Явился к Костроме Лисовский, взял город и, завладев пушками, направился к Галичу. У него на пути встали ополчение устюжан и поморские дружины. Не выдержали шляхтичи и казаки, рассеялись. Воевода Давид Жеребцов, объединившись с устюжанами, поморцами и другими замосковными отрядами, настиг Лисовского у костромской переправы и погнал к Троице-Сергиевой лавре.

Начавшийся поутру бой закончился лишь к ночи. Весь день с той и другой стороны стреляли пушки и пищали, свистели ядра и визжала картечь, разрываясь огненно. Небо заволокли белесо-сизые пороховые тучи.

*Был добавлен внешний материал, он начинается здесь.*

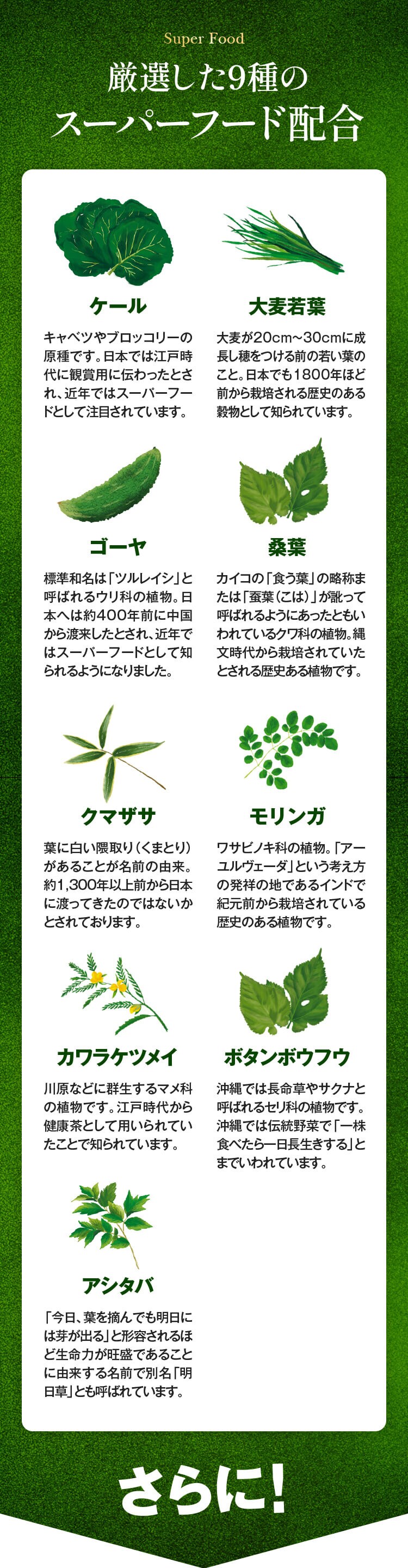 ◎厳選した9つのスーパーフード配合! (ケール、大麦若葉、ゴーヤ、桑葉、クマザサ、モリンガ、カワラケツメイ、ボタンボウフウ、アシタバ) ◎野菜のビタミン・ミネラルや美容サポート成分を一度に摂れる! ◎健康サポート成分が豊富! (プラセンタ、イソマルトオリゴ糖、水溶性食物繊維、乳酸菌) ◎GMP認定工場のみで生産してます! 普段の食事だけでは野菜摂取量が全く足りない、野菜をもっと簡単に摂取したい。そんな日々野菜不足を感じている方にオススメ!一度この超本格派青汁をお試しください。9つの野菜の恵みを贅沢に配合しており、中でも近年スーパーフードとして注目されている「ケール」はビタミン・ミネラル食物繊維など現代人に不足しがちな栄養素を豊富に含んでおります。仕事の合間や忙しい朝、夕食前など飲むタイミングはお客様のお好きなタイミングでお召し上がりください。まずは3ヶ月程続けていただくことを推奨しております。 |
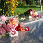 Der letzte Sommermonat geht zu Ende und macht seinem Namen alle Ehre mit Badewetter und Sonnenschein. Aber endlich regnete es auch bei uns ausgiebig, was die Natur und den Garten freut. Von der Ernte aus dem Garten kochte ich fleissig ein für den Wintervorrat. Den ersten Zwetschgenkuchen genossen wir auch schon. Um einen Sommerabend am See zu verbringen gab es genügend Gelegenheiten. Den Toskanischen Brotsalat und viele weitere Mahlzeiten wurden auf der Terrasse genossen. Mit dem Velo besuchte ich in der Nachbarstadt die Ausstellung Strickweg. Das Gewitter an der Aufführung WasserLand schmälerte nicht unser Vergnügen. Zum Glück hatten wir für den Buchtgotterdienst herrliches August Sommerwetter. Ich hoffe, ihr drückt mir alle die Daumen, dass sich aus der schönen Raupe am Karottenkraut ein Schwalbenschwanz entpuppt.
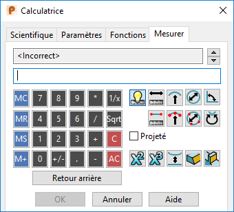 Mesurer un diamètre — Utilisez cette option pour mesurer le diamètre d'un arc. Sélectionnez cette option puis positionnez le curseur sur l'élément pour afficher le diamètre. Cliquez sur l'arc pour entrer la valeur dans la boite de dialogue Calculatrice.
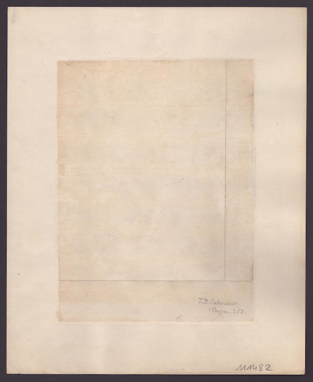 Splendida impressione su carta vergata. Esemplare rifilato, incollato lungo al filo di bordo su passe-partout.
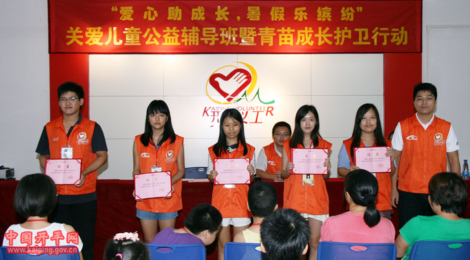 8月16日上午,团市委和市义工联举办的“爱心助成长,暑假乐缤纷”关爱儿童公益辅导班暨青苗成长护卫行动正式开班,近三十名展翅计划的大学生志愿者为我市37位小朋友准备了3天丰富多彩的课程和趣味活动。
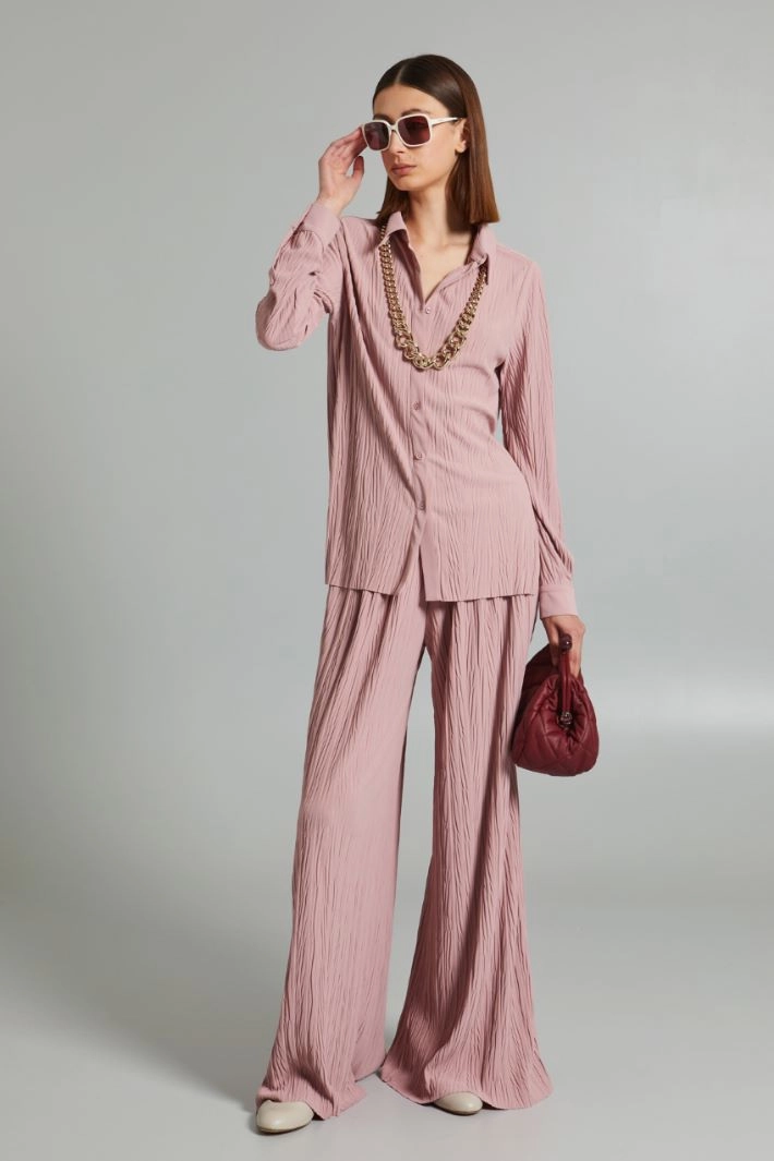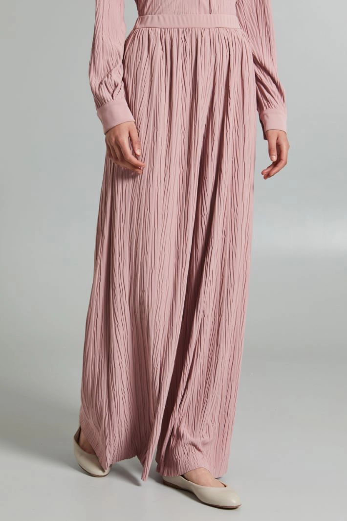 Wide-fit pleated jersey trousers
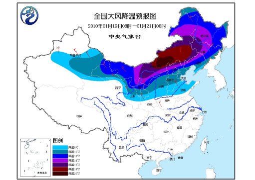 19日08時至21日08時,新疆東部和沿天山地區(qū)、西北地區(qū)東部、內(nèi)蒙古、華北、東北、黃淮北部等地自西向東將先后有5~6級、陣風(fēng)7~8級偏北風(fēng),新疆山口地區(qū)風(fēng)力可達8~10級;上述地區(qū)的氣溫將下降8~12℃,其中,內(nèi)蒙古中東部、東北地區(qū)西部的部分地區(qū)溫度降幅可達14~18℃,局部地區(qū)有18~20℃。20日早晨,阿勒泰地區(qū)的最低氣溫將下降到零下35至零下43℃。20日、21日早晨,內(nèi)蒙古東北部的最低氣溫也將下降到零下30至零下35℃,局地達零下40℃。
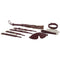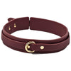Een opvallende bordeauxrode beugel bezet met goudkleurige metalen onderdelen. Het materiaal is aangenaam aanvoelend, huidvriendelijk, geurloos en duurzaam kunstleer. Metalen onderdelen en sloten van bijzonder duurzaam en roestvrij materiaal.
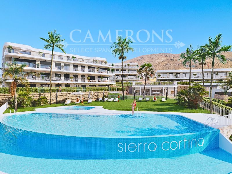 Sierra Cortina is a residential complex located in the privileged area of Finestrat, consisting of 2 and 3 bedroom apartments both with 2 bathrooms, large external terrace, and 3 bed, 2 bath villas with a private pool.
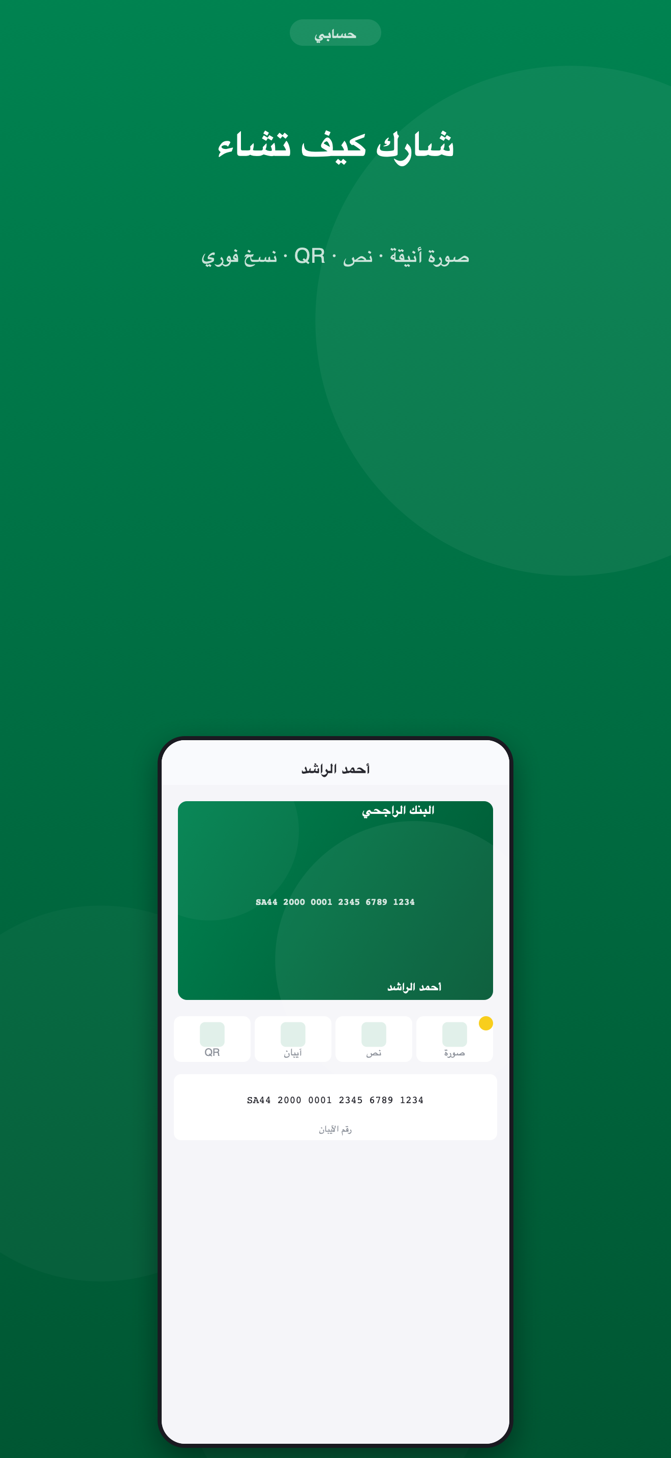 شارك آيبانك كصورة بطاقة جميلة تحمل ألوان وشعار بنكك — احترافية ومباشرة. لا حاجة لتصميم، التطبيق يتولى كل شيء.
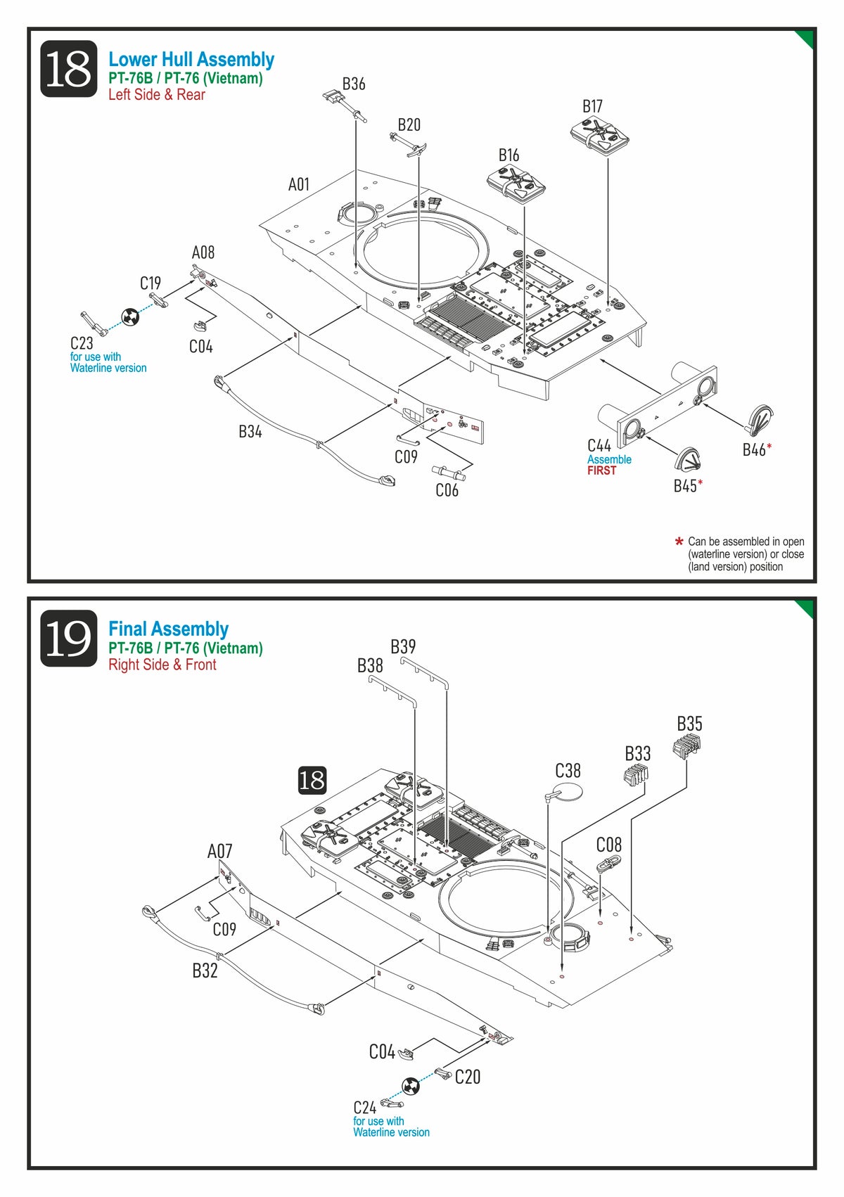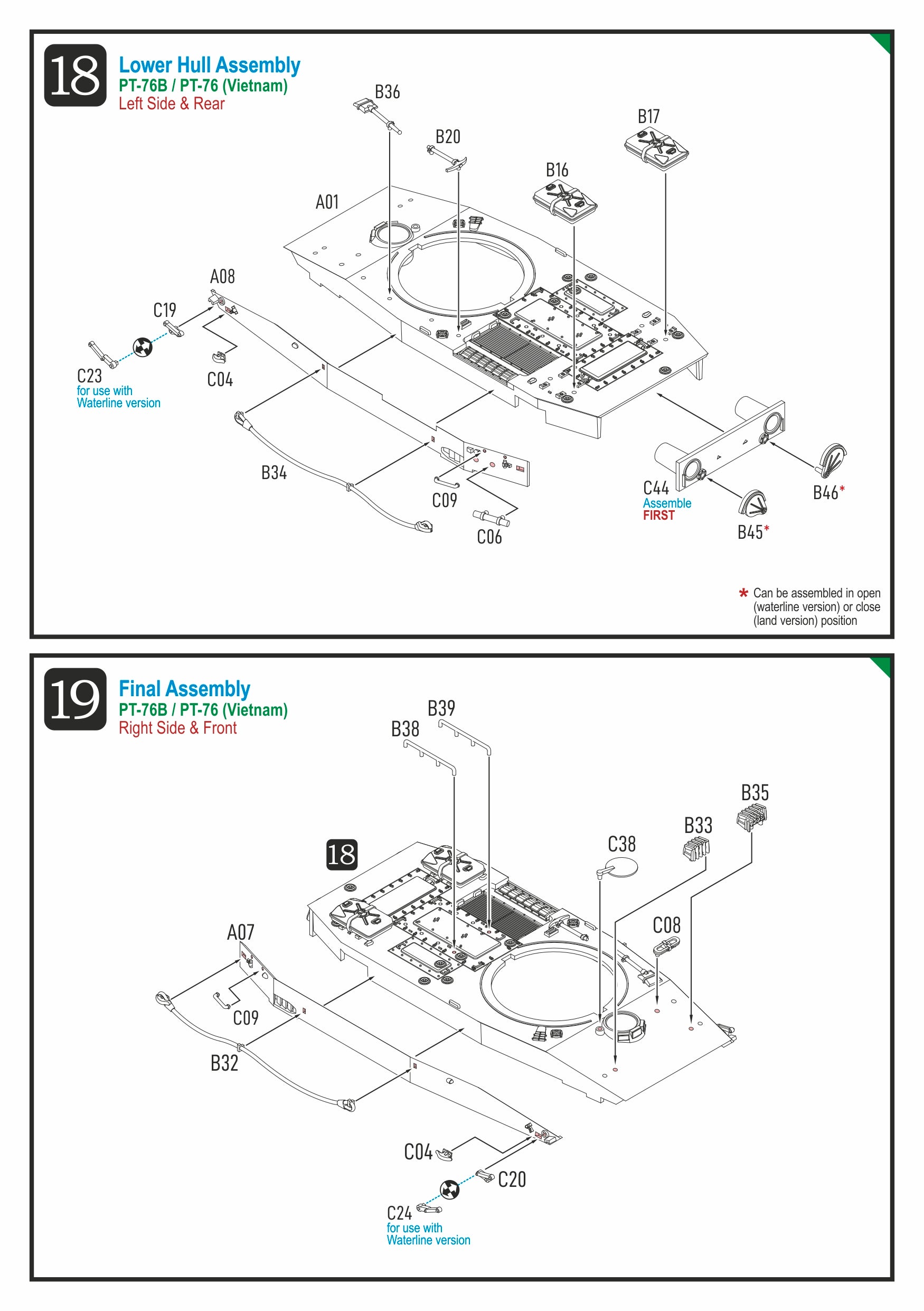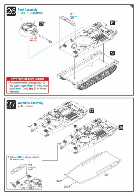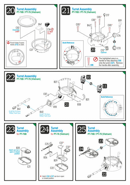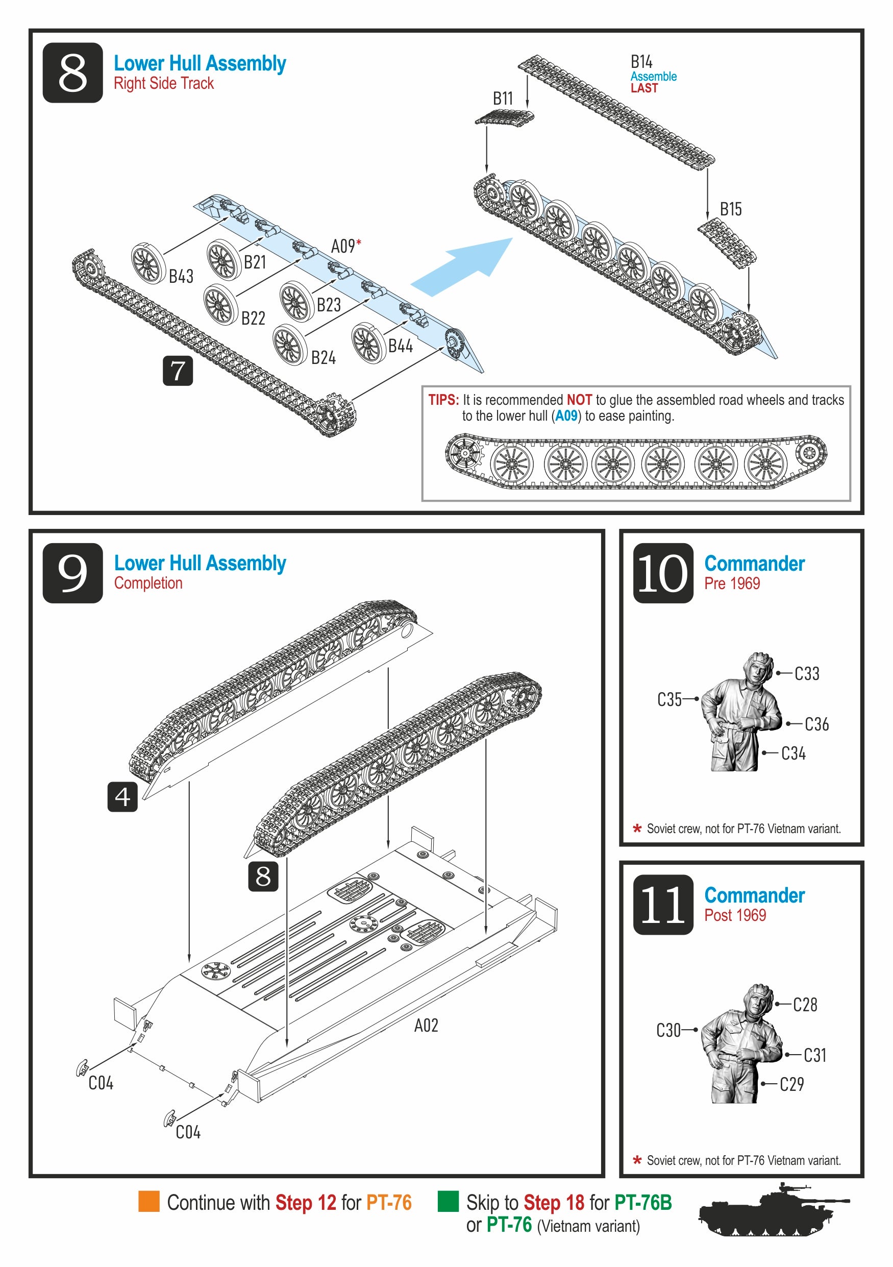Le PT-76 est un char léger amphibie soviétique introduit au début des années 1950 et qui est rapidement devenu le char de reconnaissance standard de l' armée soviétique et des autres forces armées du Pacte de Varsovie . Il était utilisé dans des rôles de reconnaissance et d'appui-feu et était largement exporté. Avec ce kit, vous pouvez construire le PT-76 ou le PT-76B , et il est livré avec un choix de frein de bouche et de planche de garniture, ainsi qu'un DShK 1938 HMG et un équipage en option.

Шляхта орала: «Виват!», «На Москву!»

Сходились в рукопашной пехота и стрельцы, водил гетман Ружинский на дворянскую конницу гусар. Блистая броней, сверкая позолотой звенящих крылышек, они рубились лихо и разъезжались, чтобы погодя снова ввязаться в дело.

Отчаянно сражались донцы Заруцкого. С ними и самозванец. Кричат казаки ободряюще:

– С нами государь!

– Здесь царь Дмитрий!

Видит Матвей Веревкин: не сбить полки Куракина и Лыкова, какие встали от стен Москвы через речку Ходынку до села Хорошева, не прорваться тушинцам в город.

Стемнело. Съехались Ружинский с гетманами и атаманами, ждут указаний от царя Дмитрия, хотя и понимают: Москву боем не взять. И самозванец велел отходить в Тушино.